» **Supplied information**

- Opening Delimiter -

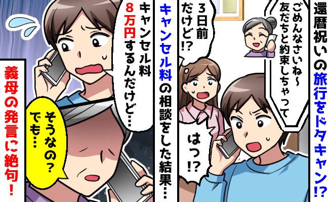 3. 「友だち優先なの」義母が還暦祝いの旅行をドタキャン!キャンセル料8万円…伝えると信じられない発言を!?
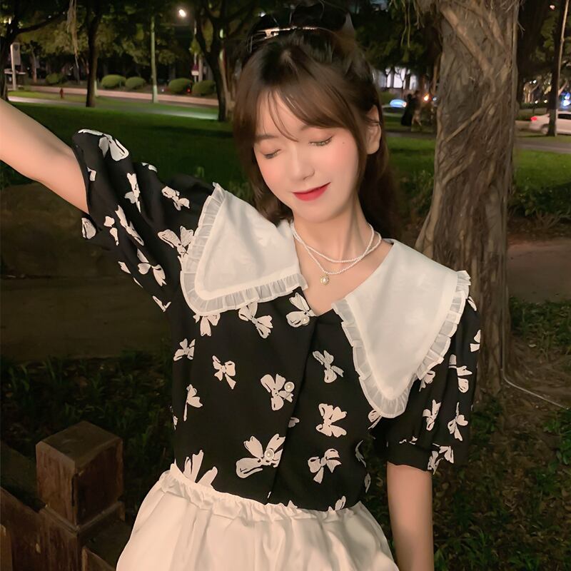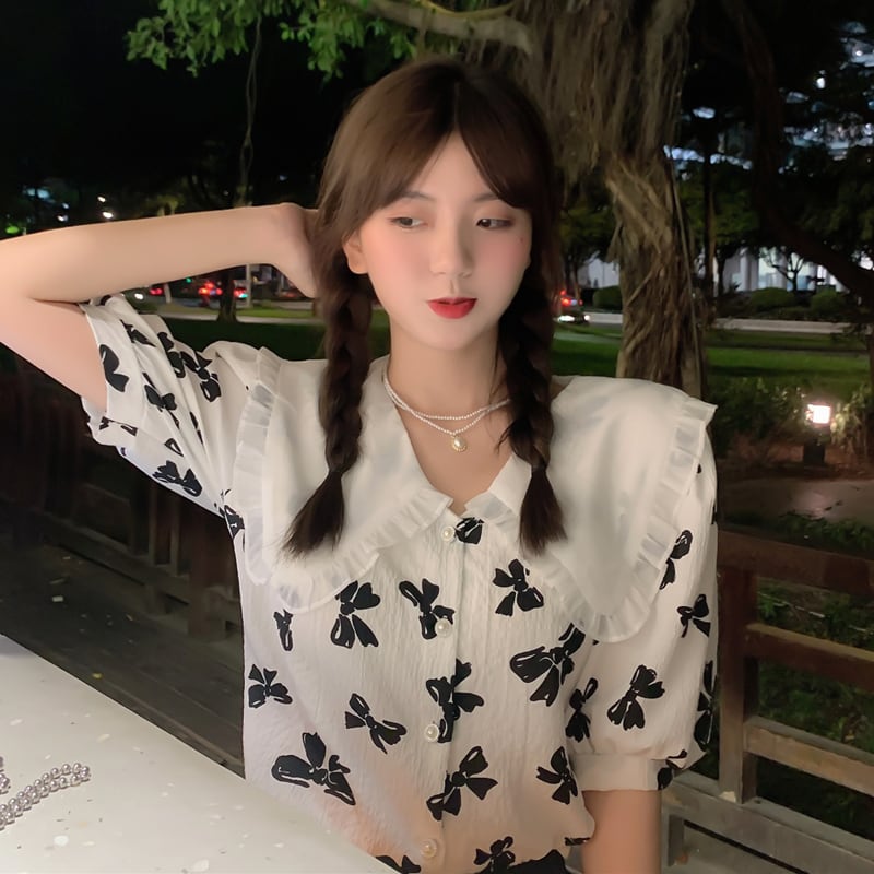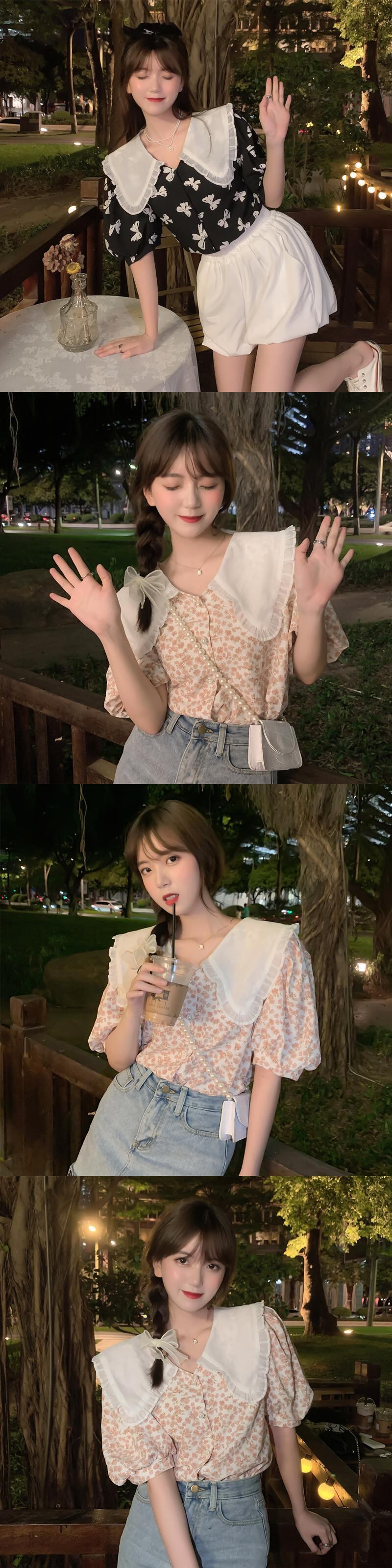 スリーブフローラルシャツ 夏服カラートップス 大人ガーリー スウィート キュート カジュアル 夏物 花柄 SYJ74774005206
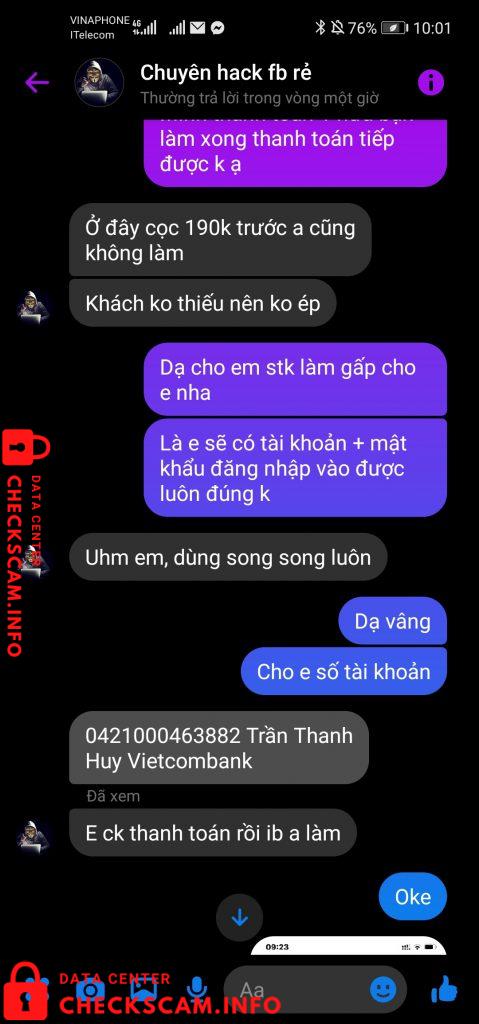 Scammer Alert: Tran Thanh Huy Reported: November 16, 2024 Scammer Information Full Name: Tran Thanh Huy Payment Gate: Vietcombank Payment Account: 0421000463882 Category: Marketplace scams Source: Checkscam Evidence Files Report Description Lừa đảo chiếm đoạt tài sản Mong cơ quan chức năng vào cuộc xử lí Comments Your comment Add Comment No comments yet. Be the first to share your experience with this scammer.

- Closing Delimiter -

An acceptable answer consists of the lines above from the one holding "スリーブフローラルシャツ 夏服カラートップス 大人ガーリー" to the end of the data, repeated exactly and containing no pictures.

 スリーブフローラルシャツ 夏服カラートップス 大人ガーリー スウィート キュート カジュアル 夏物 花柄 SYJ74774005206
 Scammer Alert: Tran Thanh Huy Reported: November 16, 2024 Scammer Information Full Name: Tran Thanh Huy Payment Gate: Vietcombank Payment Account: 0421000463882 Category: Marketplace scams Source: Checkscam Evidence Files Report Description Lừa đảo chiếm đoạt tài sản Mong cơ quan chức năng vào cuộc xử lí Comments Your comment Add Comment No comments yet. Be the first to share your experience with this scammer.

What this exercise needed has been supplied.